Now, at the control box, facing the launch menu in glowing Norwegian, Khalid designated a trajectory: the LOAL-DIR or Lock-On After Launch-Direct mode, meaning the missile would launch blind into the stratosphere at a relatively low angle, and when it found the encoded tone on the designated frequency the CPU aboard would tweak the servos and keep adjusting the angle of attack, then plummet directly to the target on that vector.
And all it would take to-
“We are ready,” he said to Faisal.
Faisal, with a police-frequency scanner purchased from Radio Shack, hunted for the signal. In the space where it should have been was nothing but static. He looked at his watch. It was 7:46:30. Not a noise anywhere on the immediate spectrum.
“Not yet,” he said.
“I wonder how long we can stay here before we are discovered.”
“Where is he?

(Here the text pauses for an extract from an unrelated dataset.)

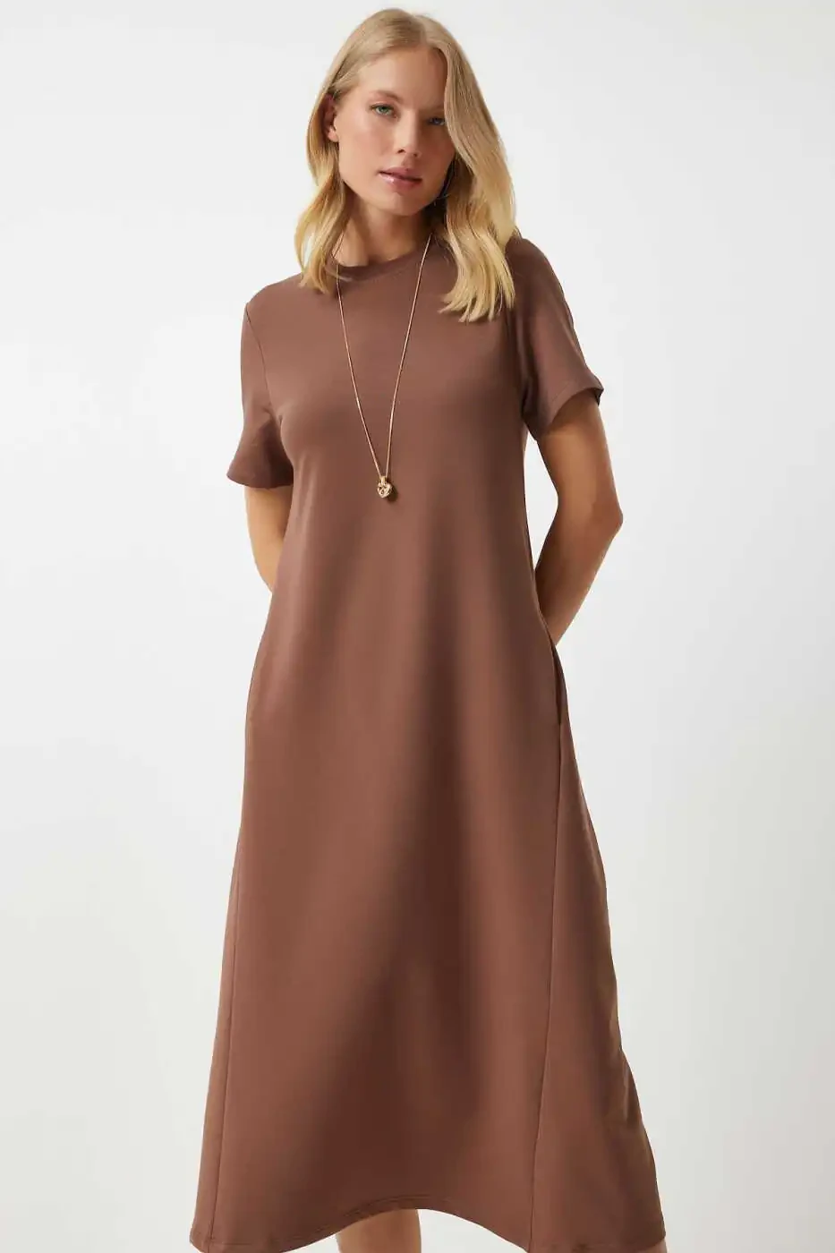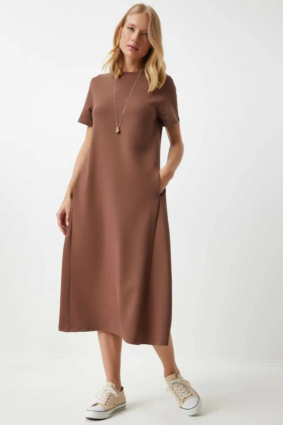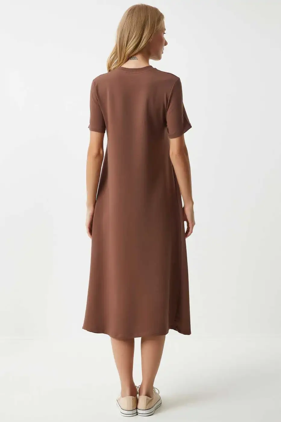 Женское летнее трикотажное платье А-силуэта коричневого цвета UB000 специально разработано для женщин, которые не хотят жертвовать своей элегантностью и хотят чувствовать себя комфортно в течение дня в жаркие летние дни. Одной из самых ярких особенностей платья является крой А-силуэта, который красиво облегает тело. Этот крой изящно подчеркивает фигуру и в то же время не ограничивает свободу движений. Это платье, которое вы можете с комфортом носить во время повседневной суеты или на особом мероприятии, добавит элегантности вашему стилю. Коричневый оттенок платья создает естественный и теплый вид. Коричневый цвет – это цвет, который подходит для любого тона кожи и легко сочетается. Создайте ли вы повседневный образ со спортивной обувью или более элегантный образ с туфлями на каблуке, это платье подойдет для любого случая. Ткань платья, состоящая из 100% хлопкового трикотажа, позволяет вашей коже дышать и предотвращает потоотделение. Таким образом, вы будете чувствовать себя комфортно в течение всего дня даже в жаркую погоду. Мягкая текстура трикотажной ткани нежно соприкасается с вашей кожей и не вызывает дискомфорта. Детали, использованные в дизайне платья, добавят элегантности вашему образу. Круглый вырез горловины создает элегантный вид, а короткие рукава помогают вам оставаться прохладными в летнюю жару. Легкие сборки по низу платья добавляют игривую и энергичную атмосферу. Эти детали отличают платье от обыденности и позволяют создать неповторимый стиль. Женское летнее трикотажное платье А-силуэта коричневого цвета UB000 не только стильное и удобное, но и легко сочетается. Вы можете носить платье отдельно или дополнить его различными аксессуарами. Например, вы можете подчеркнуть свою талию с помощью ремня или выделить декольте с помощью стильного ожерелья. Вы также можете отразить свой собственный стиль, сочетая его с сумками и обувью разных цветов. Это платье станет незаменимой частью вашего летнего гардероба и позволит вам чувствовать себя особенной каждый раз, когда вы его надеваете. Помните, стиль – это не только то, что вы носите, но и то, как вы это носите. Покажите свой стиль наилучшим образом и наслаждайтесь летом с женским летним трикотажным платьем А-силуэта коричневого цвета UB000.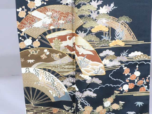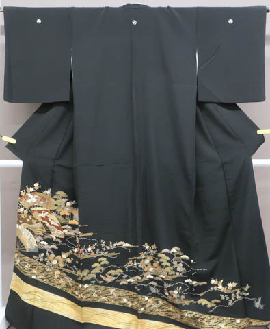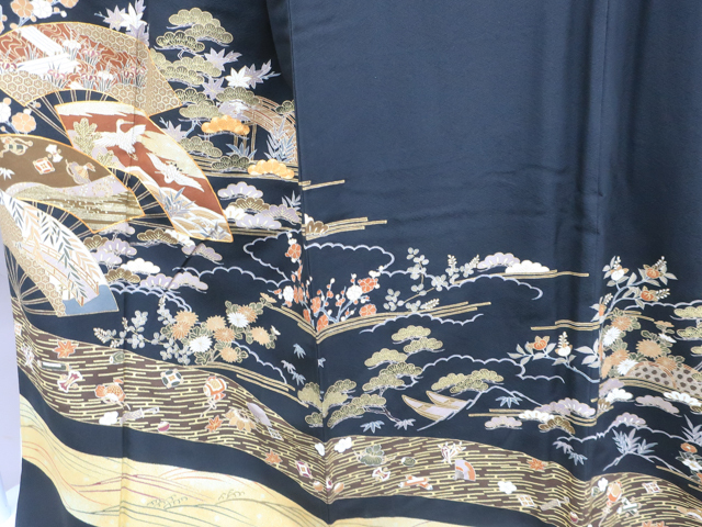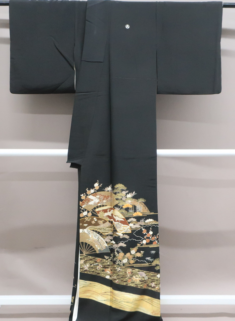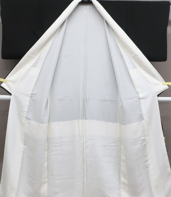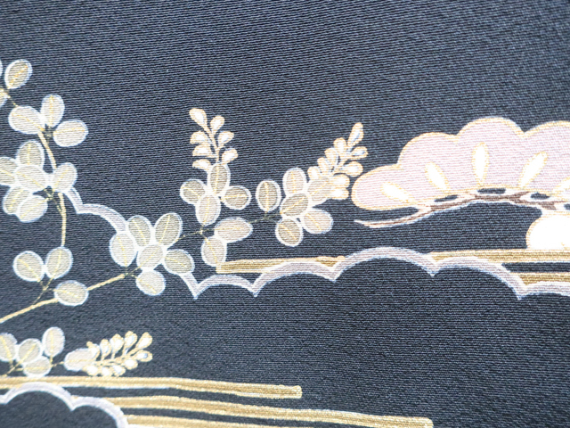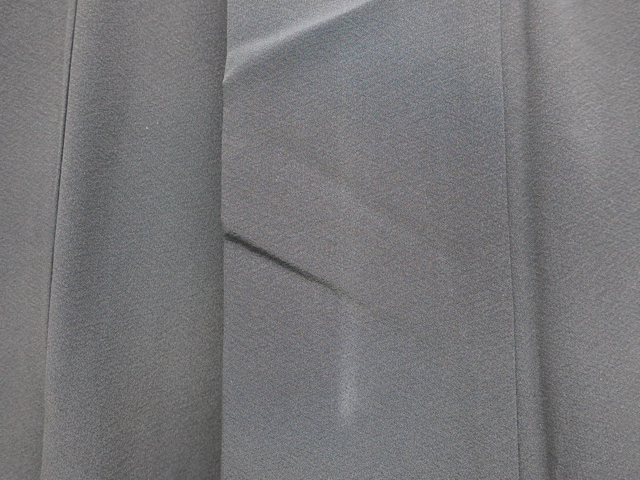 リサイクル商品のため、衿や右後ろ身頃に薄汚れ、右前袖に汚れがございますが着用可能なお品です。 地色は、黒色です。 1枚目の画像が近いお色かと思われます。 素材は正絹です。 |

What is going on?”
“Agh,” said Faisal. “To come this far and fail. Aghhh-Allah will not allow it.”
“But will the FBI?” asked the anxious Professor Khalid.
At that point, the Park Services patrol car came slowly down the road to the parking lot.
EXECUTIVE DRIVE
WASHINGTON, DC
1938.12 HOURS
A Hellfire missile,” said Nick, incredulous. A missile? A missile. His mind seemed to fill with torrents of thick sludge as he struggled with the concept.
“It’s Norwegian,” said Hollister. “Came on the black market in Serbia, Zarzi paid for it on behalf of Al-Q. They have two scientists-an Indian rocket guidance expert and an Egyptian software genius-to decrypt it and make some basic changes. Instead of new-fangled laser it homes in on an old-fashioned FM tone at a specific frequency.”